## Problem to work on
Return the lines of the listing below exactly as they appear, beginning at the one with "Questo capanno da" and stopping after the one with "2020年第二屆新渠道大會(huì)、第"; do not include pictures.

(Extracted information Opens)

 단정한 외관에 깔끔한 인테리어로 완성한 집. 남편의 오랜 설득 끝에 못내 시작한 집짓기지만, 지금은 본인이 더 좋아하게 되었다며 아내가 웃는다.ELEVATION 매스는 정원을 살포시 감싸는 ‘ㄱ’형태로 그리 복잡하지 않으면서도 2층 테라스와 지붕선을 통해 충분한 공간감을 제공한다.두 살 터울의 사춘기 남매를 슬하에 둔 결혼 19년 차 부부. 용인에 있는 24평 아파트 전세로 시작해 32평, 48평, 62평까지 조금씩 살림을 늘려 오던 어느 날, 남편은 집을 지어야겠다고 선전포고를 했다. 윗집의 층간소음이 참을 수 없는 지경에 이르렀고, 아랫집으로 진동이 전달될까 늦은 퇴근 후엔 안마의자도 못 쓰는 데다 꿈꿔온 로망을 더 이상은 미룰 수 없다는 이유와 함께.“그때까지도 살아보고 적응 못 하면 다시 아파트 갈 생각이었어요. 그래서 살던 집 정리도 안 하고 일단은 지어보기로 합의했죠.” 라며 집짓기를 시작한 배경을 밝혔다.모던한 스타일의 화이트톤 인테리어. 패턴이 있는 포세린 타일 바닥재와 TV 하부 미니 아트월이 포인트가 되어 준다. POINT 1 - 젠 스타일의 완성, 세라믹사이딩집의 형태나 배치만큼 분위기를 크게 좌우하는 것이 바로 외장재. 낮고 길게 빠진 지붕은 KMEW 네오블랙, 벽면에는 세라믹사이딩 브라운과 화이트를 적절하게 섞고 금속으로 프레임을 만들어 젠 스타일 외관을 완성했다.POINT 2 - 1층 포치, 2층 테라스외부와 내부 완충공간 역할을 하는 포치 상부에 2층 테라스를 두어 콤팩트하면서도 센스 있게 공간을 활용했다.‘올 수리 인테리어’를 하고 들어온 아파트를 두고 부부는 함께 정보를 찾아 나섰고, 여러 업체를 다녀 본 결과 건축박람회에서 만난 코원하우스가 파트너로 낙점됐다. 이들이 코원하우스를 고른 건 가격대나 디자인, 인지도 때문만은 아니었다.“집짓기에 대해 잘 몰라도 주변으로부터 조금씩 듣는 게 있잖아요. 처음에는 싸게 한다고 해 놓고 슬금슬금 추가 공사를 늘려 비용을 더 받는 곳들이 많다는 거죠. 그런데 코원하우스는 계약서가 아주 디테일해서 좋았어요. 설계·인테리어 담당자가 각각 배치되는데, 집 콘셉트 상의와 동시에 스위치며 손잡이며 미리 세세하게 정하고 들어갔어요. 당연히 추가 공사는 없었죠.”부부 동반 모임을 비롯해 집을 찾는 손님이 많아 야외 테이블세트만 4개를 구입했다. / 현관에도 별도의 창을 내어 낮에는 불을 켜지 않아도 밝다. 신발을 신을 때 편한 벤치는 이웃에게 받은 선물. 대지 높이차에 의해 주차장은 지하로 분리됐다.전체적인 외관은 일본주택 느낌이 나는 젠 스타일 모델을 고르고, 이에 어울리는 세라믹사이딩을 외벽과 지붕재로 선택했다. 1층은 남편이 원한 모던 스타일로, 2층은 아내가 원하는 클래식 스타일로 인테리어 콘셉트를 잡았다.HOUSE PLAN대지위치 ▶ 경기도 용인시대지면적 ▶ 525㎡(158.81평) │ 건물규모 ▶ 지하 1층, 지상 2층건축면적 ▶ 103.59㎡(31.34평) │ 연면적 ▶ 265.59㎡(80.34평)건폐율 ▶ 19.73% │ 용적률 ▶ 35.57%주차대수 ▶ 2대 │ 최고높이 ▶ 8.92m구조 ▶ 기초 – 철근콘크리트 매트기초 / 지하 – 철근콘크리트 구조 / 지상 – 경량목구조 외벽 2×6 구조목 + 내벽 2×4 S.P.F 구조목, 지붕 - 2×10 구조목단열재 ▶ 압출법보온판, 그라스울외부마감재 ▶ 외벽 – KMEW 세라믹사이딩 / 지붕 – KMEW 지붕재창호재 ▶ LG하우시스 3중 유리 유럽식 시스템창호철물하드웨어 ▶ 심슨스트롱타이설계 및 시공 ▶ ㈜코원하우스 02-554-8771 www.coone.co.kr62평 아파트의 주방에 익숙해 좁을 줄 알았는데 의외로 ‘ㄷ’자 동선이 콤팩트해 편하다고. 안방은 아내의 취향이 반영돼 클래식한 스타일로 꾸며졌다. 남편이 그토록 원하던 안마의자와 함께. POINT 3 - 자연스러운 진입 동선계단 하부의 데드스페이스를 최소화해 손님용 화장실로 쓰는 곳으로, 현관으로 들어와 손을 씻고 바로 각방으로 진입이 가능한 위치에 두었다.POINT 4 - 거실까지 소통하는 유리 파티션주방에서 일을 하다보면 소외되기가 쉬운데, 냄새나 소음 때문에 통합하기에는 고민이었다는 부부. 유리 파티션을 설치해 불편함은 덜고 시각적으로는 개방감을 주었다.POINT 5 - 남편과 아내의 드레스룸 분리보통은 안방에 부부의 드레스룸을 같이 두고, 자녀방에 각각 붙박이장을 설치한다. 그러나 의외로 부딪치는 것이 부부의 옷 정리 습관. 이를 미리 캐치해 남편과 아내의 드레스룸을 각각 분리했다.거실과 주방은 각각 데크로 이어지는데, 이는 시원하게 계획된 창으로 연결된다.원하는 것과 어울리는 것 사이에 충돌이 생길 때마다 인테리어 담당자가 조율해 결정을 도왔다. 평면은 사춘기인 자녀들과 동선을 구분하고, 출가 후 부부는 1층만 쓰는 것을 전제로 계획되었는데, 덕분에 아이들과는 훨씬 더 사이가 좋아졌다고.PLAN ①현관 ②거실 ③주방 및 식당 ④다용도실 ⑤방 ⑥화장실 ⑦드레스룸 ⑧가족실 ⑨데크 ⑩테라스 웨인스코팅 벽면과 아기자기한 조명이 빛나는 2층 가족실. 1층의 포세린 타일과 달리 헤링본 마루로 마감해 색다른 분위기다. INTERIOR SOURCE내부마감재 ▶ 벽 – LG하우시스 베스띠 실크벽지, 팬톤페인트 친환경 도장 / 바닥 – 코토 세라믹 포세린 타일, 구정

(Extracted information Closes)
(Extracted information Opens)

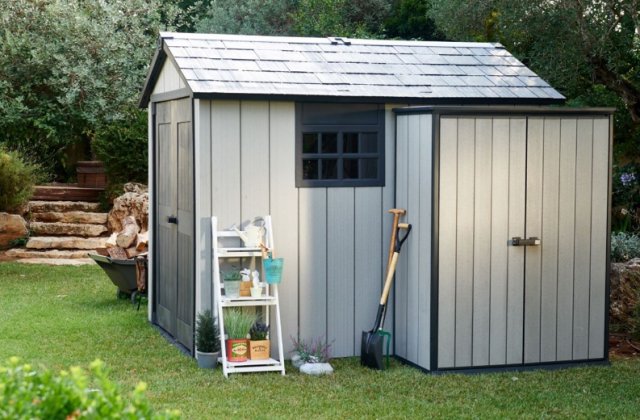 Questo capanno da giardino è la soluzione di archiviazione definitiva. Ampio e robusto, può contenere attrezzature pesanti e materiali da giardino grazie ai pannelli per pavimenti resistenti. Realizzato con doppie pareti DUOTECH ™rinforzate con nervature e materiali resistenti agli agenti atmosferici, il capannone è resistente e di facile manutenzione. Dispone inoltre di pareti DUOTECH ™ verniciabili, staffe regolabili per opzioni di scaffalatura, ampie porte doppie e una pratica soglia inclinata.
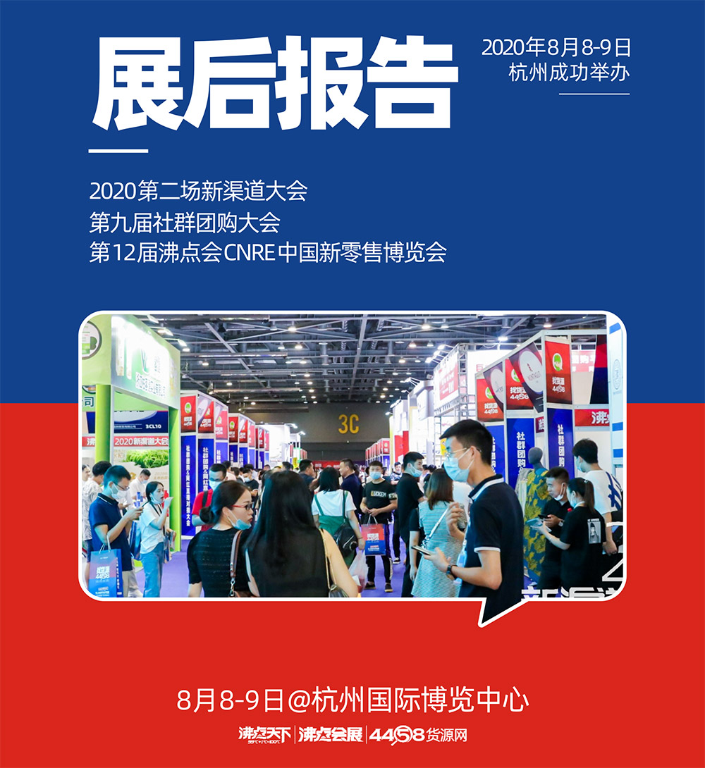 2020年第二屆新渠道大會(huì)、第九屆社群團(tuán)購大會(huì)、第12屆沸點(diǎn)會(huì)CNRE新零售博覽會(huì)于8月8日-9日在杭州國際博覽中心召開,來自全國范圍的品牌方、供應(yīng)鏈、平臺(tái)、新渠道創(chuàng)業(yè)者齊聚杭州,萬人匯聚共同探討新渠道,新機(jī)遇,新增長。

(Extracted information Closes)

## Solution
 Questo capanno da giardino è la soluzione di archiviazione definitiva. Ampio e robusto, può contenere attrezzature pesanti e materiali da giardino grazie ai pannelli per pavimenti resistenti. Realizzato con doppie pareti DUOTECH ™rinforzate con nervature e materiali resistenti agli agenti atmosferici, il capannone è resistente e di facile manutenzione. Dispone inoltre di pareti DUOTECH ™ verniciabili, staffe regolabili per opzioni di scaffalatura, ampie porte doppie e una pratica soglia inclinata.
 2020年第二屆新渠道大會(huì)、第九屆社群團(tuán)購大會(huì)、第12屆沸點(diǎn)會(huì)CNRE新零售博覽會(huì)于8月8日-9日在杭州國際博覽中心召開,來自全國范圍的品牌方、供應(yīng)鏈、平臺(tái)、新渠道創(chuàng)業(yè)者齊聚杭州,萬人匯聚共同探討新渠道,新機(jī)遇,新增長。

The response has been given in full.